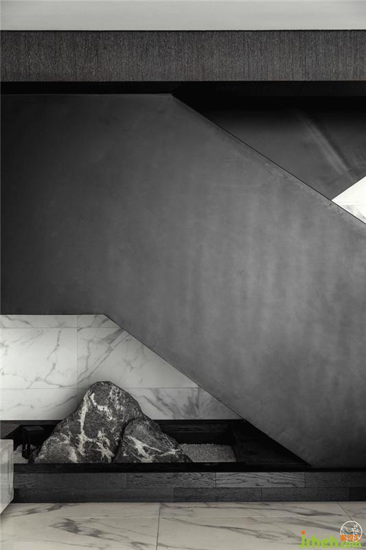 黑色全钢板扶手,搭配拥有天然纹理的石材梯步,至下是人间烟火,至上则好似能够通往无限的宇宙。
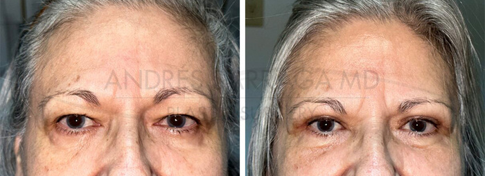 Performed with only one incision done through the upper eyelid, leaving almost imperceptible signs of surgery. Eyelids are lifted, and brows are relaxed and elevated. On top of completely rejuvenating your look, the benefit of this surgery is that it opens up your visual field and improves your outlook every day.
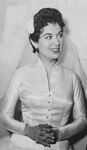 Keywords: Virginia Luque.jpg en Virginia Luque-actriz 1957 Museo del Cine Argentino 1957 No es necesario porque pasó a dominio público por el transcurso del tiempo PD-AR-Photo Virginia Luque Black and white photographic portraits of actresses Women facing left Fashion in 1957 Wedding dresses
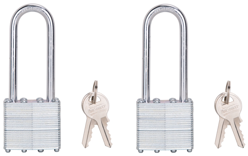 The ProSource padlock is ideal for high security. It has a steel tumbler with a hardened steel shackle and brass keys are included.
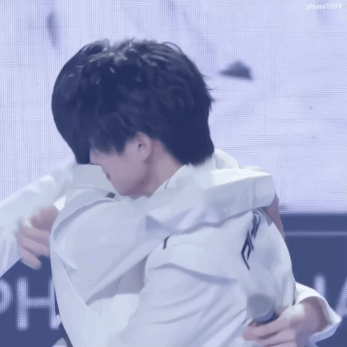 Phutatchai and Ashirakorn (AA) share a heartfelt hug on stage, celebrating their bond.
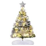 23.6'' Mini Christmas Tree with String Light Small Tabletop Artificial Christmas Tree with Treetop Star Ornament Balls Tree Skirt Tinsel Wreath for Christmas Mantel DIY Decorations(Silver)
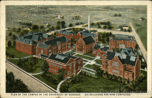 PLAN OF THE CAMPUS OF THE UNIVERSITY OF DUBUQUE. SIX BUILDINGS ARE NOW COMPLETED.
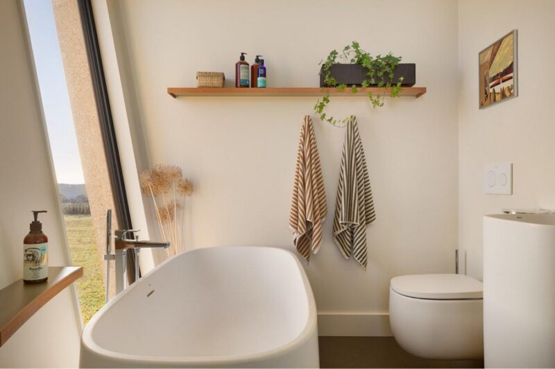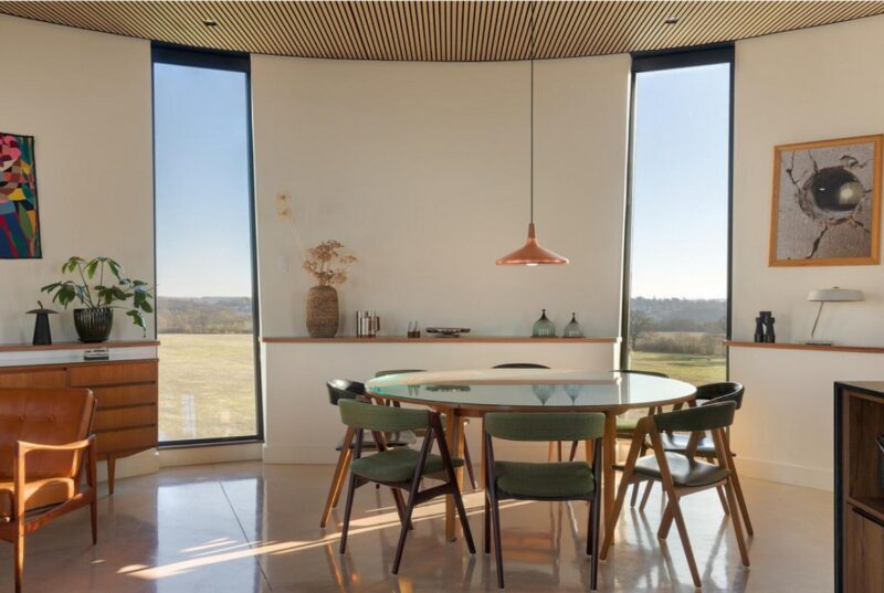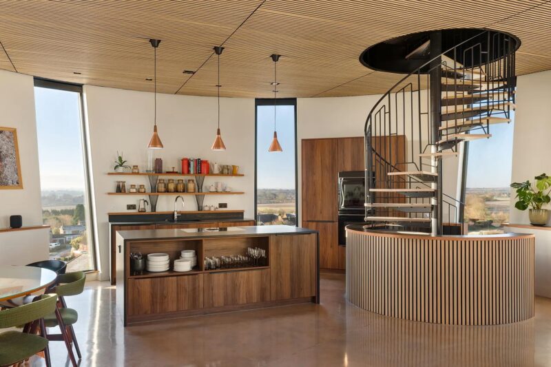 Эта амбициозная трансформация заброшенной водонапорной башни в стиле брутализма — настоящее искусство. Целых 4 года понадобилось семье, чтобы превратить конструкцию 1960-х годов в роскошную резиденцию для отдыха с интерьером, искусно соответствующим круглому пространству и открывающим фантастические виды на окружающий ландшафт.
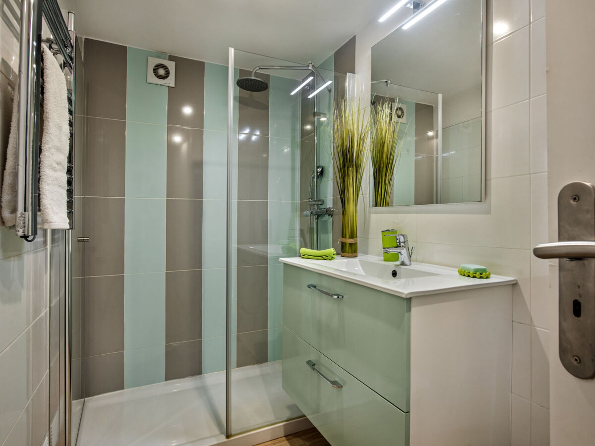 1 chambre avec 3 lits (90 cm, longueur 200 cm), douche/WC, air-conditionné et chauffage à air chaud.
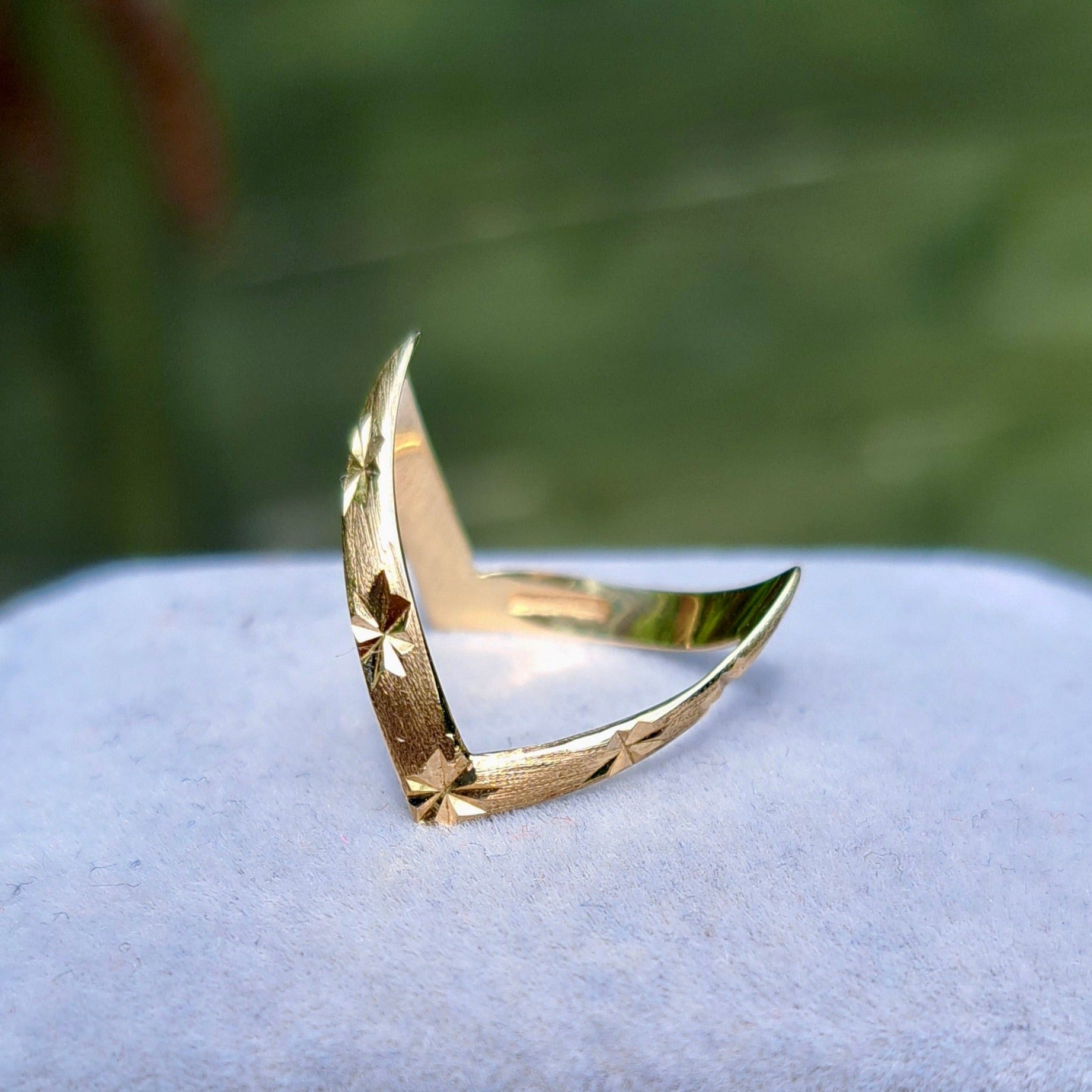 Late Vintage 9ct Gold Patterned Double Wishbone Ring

Task details:
The line containing "23.6'' Mini Christmas" and every line after it, up to the last line of the data, should be returned exactly, without the pictures.

Reply:
 23.6'' Mini Christmas Tree with String Light Small Tabletop Artificial Christmas Tree with Treetop Star Ornament Balls Tree Skirt Tinsel Wreath for Christmas Mantel DIY Decorations(Silver)
 PLAN OF THE CAMPUS OF THE UNIVERSITY OF DUBUQUE. SIX BUILDINGS ARE NOW COMPLETED.
 Эта амбициозная трансформация заброшенной водонапорной башни в стиле брутализма — настоящее искусство. Целых 4 года понадобилось семье, чтобы превратить конструкцию 1960-х годов в роскошную резиденцию для отдыха с интерьером, искусно соответствующим круглому пространству и открывающим фантастические виды на окружающий ландшафт.
 1 chambre avec 3 lits (90 cm, longueur 200 cm), douche/WC, air-conditionné et chauffage à air chaud.
 Late Vintage 9ct Gold Patterned Double Wishbone Ring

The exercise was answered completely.